Mondo has provided the main athletics and warm up athletics tracks for 13 of the previous 18 World Athletics Indoor Championships, as well as the inaugural World Indoor Games back in 1985, the forerunner to the biennial event which is now the most important athletics meeting in the world.
No less than 28 world indoor records (with indoor marks being officially ratified as records since1987) have been set on Mondo tracks at these championships over the last 37 years.
Will there be new additions to the annals of athletics history at this year’s championships?
The Scottish city’s Emirates Arena has a recently installed Sportflex Super X 720 athletics track which will provide the very best environment for more than 600 athletes to perform at the very highest level and follow in the footsteps of the icons of the sport who have excelled at the championships.
Here are our Top 10 Mondo Magic Moments from those 13 World Athletics Indoor Championships and there is more to savour than just world records.
The first official World Athletics Indoor Championships was in Indianapolis, USA and the famous Hoosier Dome witnessed five world indoor records. The pick of them was Stefka Kostadinova’s high jump record on the final day, the Bulgarian clearing 2.05m.
At the 1991 edition in the Spanish city of Sevilla, the quartet of Rico Lieder, Jens Carlowitz, Karsten Just and Thomas Schönlebe from the newly unified Germany took more than two seconds off the world indoor record with a time of 3:03.05.
In 1993, USA’s reigning world outdoors champion in the decathlon Dan O’Brien achieved indoor success and superlatives in Toronto, Canada when he tallied 6476 points in the heptathlon, a world record that was to stand until 2010.
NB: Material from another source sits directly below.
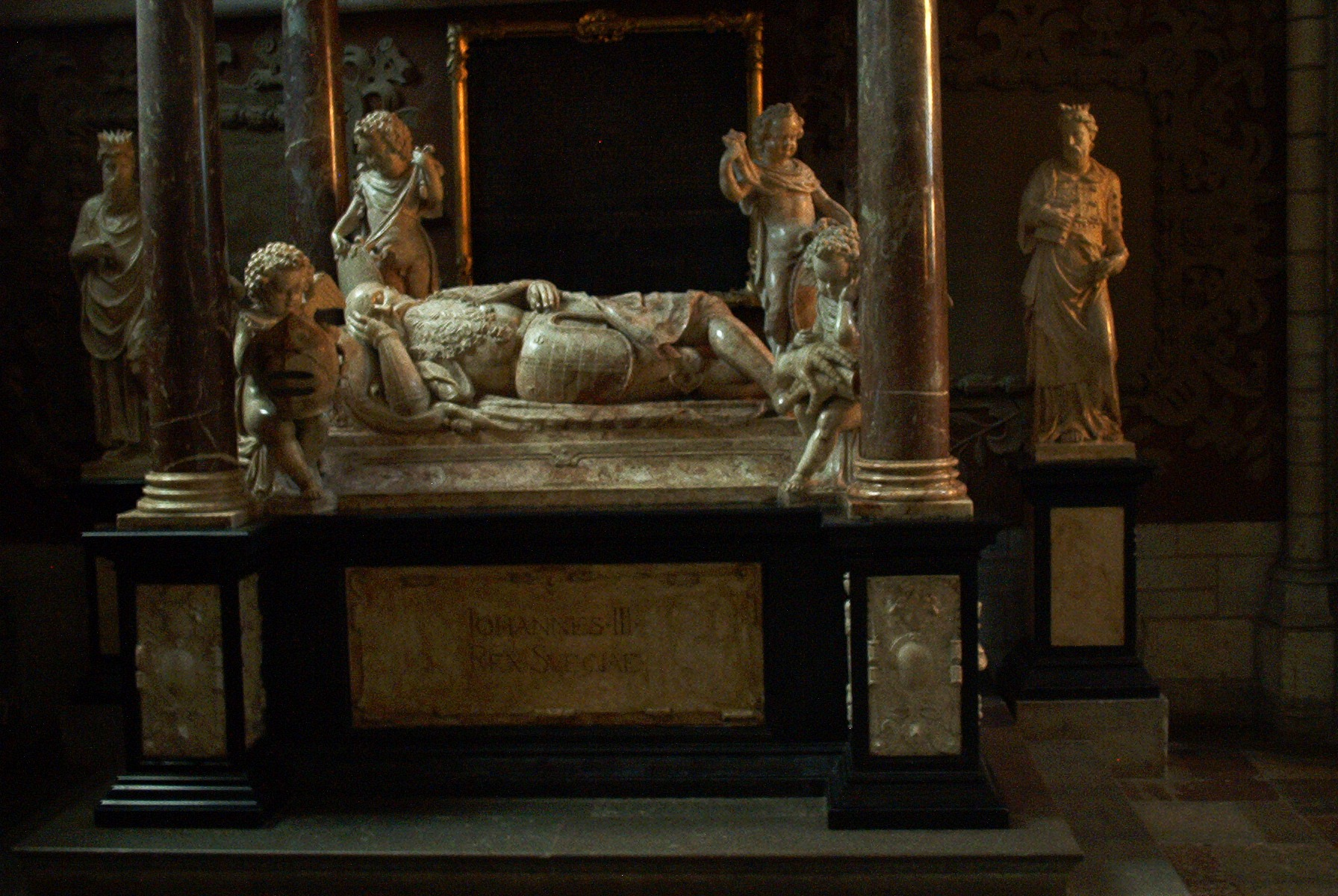 Uppsala Cathedral, Willem van den Blocke, tomb of King John III of Sweden.

Morocco’s Hicham El Guerrouj was a surprise winner at the 1995 championships in Barcelona but took the first global title of what was to be an illustrious career with a super-quick last lap to win the 1500m gold medal.
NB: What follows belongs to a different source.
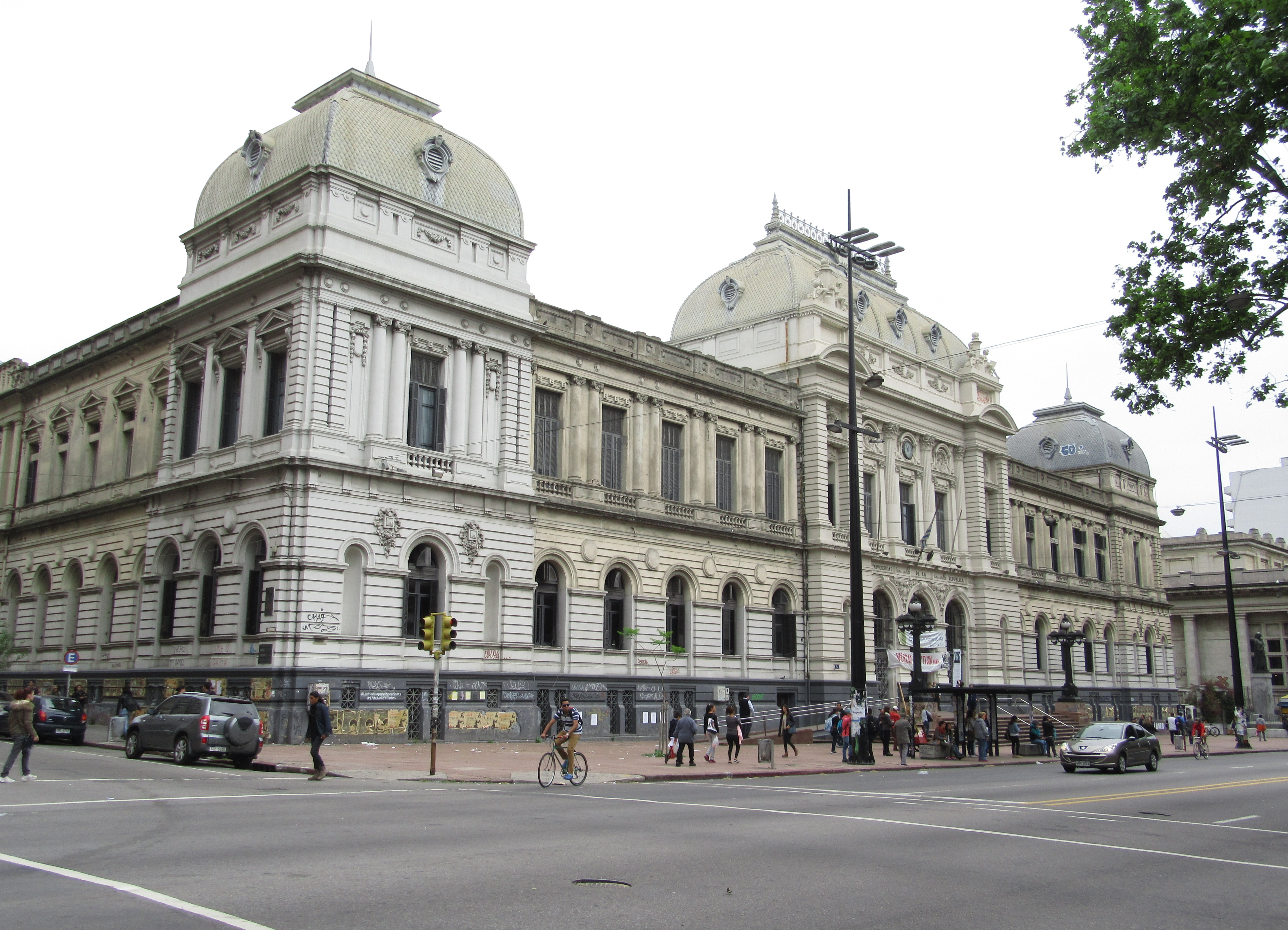 Montevideo

Denmark’s Wilson Kipketer produced one of the most talked about feats of any World Athletics Indoor Championships at Paris 1997 when he front-ran his way to an 800m world record of 1:43.96 in his heat and then improved further by over a second when he clocked a stunning 1:42.67 in the final.
The World Athletics Indoor Championships Maebashi 1999 saw two world indoor records in both the men’s and women’s 4x400m but perhaps the individual performance of the meeting in the Japanese city’s Green Dome came from Namibia’s Frankie Fredericks who won the 200m in 20.10, the second fastest time ever indoors.
Cuban long jumper Ivan Pedroso became the first, and to date only, athlete to win five successive World Athletics Indoor Championships titles with his effort of 8.43m at Lisbon 2001. Pedroso still holds the long jump championship record with 8.62m in Maebashi two years earlier.
Teddy Tamgho got the first of his three-world indoor triple jump records when he bounded out to 17.90m at the World Athletics Indoor Championships Doha 2010, the Frenchman winning the very last event of the championships in spectacular fashion.
Ukraine’s combined events exponent Natalia Dobrynska became the first athlete to break the 5000 points barrier for the pentathlon when she finished with a world indoor record of 5013 points at the 2012 championships in Istanbul, a mark that lasted until 2023.
Poland’s 4x400m quartet caused one of the biggest upsets ever at a World Athletics Indoor Championships when they beat the highly favoured USA team at the 2018 championships in Birmingham, Great Britain with a world record of 3:01.77.